From the above analysis, the default TextInputFormat slicing mechanism of the framework is to slice tasks by file. No matter how small the file is, it will be given to a MapTask as a separate slice. If there are a large number of small files, a large amount of MapTask will be generated, so the processing efficiency is not high.

So we can consider another slicing mechanism, namely CombineTextInputFormat.

CombineTextInputFormat application scenario

CombineTextInputFormat is used in scenarios with too many small files. It can logically plan multiple small files into a single slice, so that multiple small files can be handed over to one MapTask for processing.

For example, in the above files, the largest is less than 7MB and the lowest is less than 2MB. Then the slicing mechanism based on CombineTextInputFormat can consider using this slicing. The specific settings are set as follows in the code of the job task.

CombineTextInputFormat.setMaxInputSplitSize (job, 4194304); / / 4m or other data

Note: the maximum value of virtual storage slice is best set according to the actual small file size.

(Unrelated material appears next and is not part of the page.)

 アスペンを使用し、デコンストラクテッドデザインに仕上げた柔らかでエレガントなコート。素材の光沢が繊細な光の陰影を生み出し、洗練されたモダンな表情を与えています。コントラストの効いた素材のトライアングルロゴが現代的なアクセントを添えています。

It is better to get a median according to the size of the overall file.

CombineTextInputFormat case code demo

Using the above four files as the input data source, it is expected that only one slice will be used to process four files (by default, four files will start four slices and four MapTask, which can be viewed from the console log)

Use the slicing of CombineTextInputFormat, like the following implementation process

Without any processing, run the above WordCount case program and observe that the number of slices is 4 (console log)

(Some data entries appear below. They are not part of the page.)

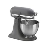 The tilt-head feature and generous 4-1/2-quart capacity make the KitchenAid Stand Mixer the ultimate in user-friendly design. Features 10 speeds and KitchenAid's unique planetary mixing action, driven by a powerful 300-watt motor. Rugged all-metal construction ensures long life and quiet operation, and rubber feet anchor it securely while in use. This mixer has a 4-1/2-quart stainless steel bowl, with ergonomic handle and clear plastic pouring shield, but it can also accommodate the 3- and 5-quart bowls. Read more
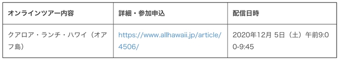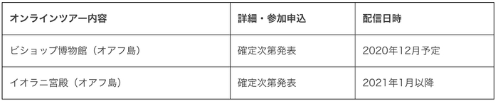 *上記プログラム内容は、2020年11月13日時点の内容です。今後、配信日時や追加ツアーが決まり次第公式ポータルサイトallhawaii内にて随時更新します。
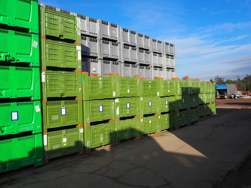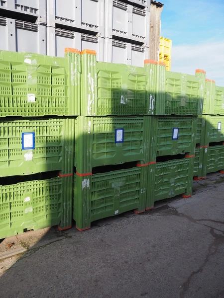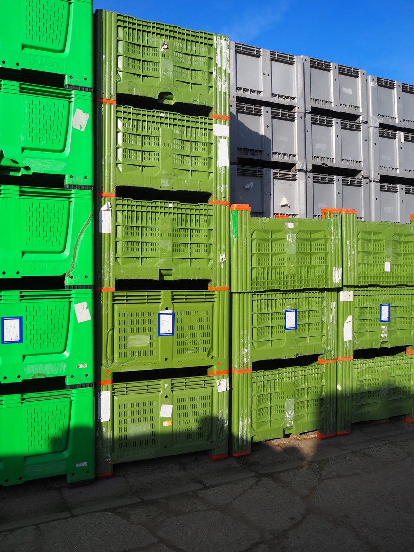 29 plastic pallet boxes, dimensions: (29x) 1200 mm x 1000 mm x 760 mm.
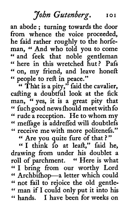 The horseman bent his tall figure as he entered the low door of the dwelling. “He whom I seek,” said he to Beildech, who advanced gloomily, “is called John Gutenberg, and he is from Maïence.”

Add the following code to the Job code, run the program, and observe that the number of slices running is 1

/ / if InputFormat is not set, it defaults to TextInputFormat.classjob.setInputFormatClass (CombineTextInputFormat.class); / / the maximum value of virtual storage slice is set to 20mCombineTextInputFormat.setMaxInputSplitSize (job, 20971520)

Set it to 4MB first, and then try to set it to 20MB to see if the running result is 1 slice, number of splits:1

The above target conjecture is verified by the output of the console.

At this point, the study on "how to apply the hadoop slicing mechanism" is over. I hope to be able to solve your doubts. The collocation of theory and practice can better help you learn, go and try it! If you want to continue to learn more related knowledge, please continue to follow the website, the editor will continue to work hard to bring you more practical articles!

Welcome to subscribe "Shulou Technology Information " to get latest news, interesting things and hot topics in the IT industry, and controls the hottest and latest Internet news, technology news and IT industry trends.

*The comments in the above article only represent the author's personal views and do not represent the views and positions of this website. If you have more insights, please feel free to contribute and share.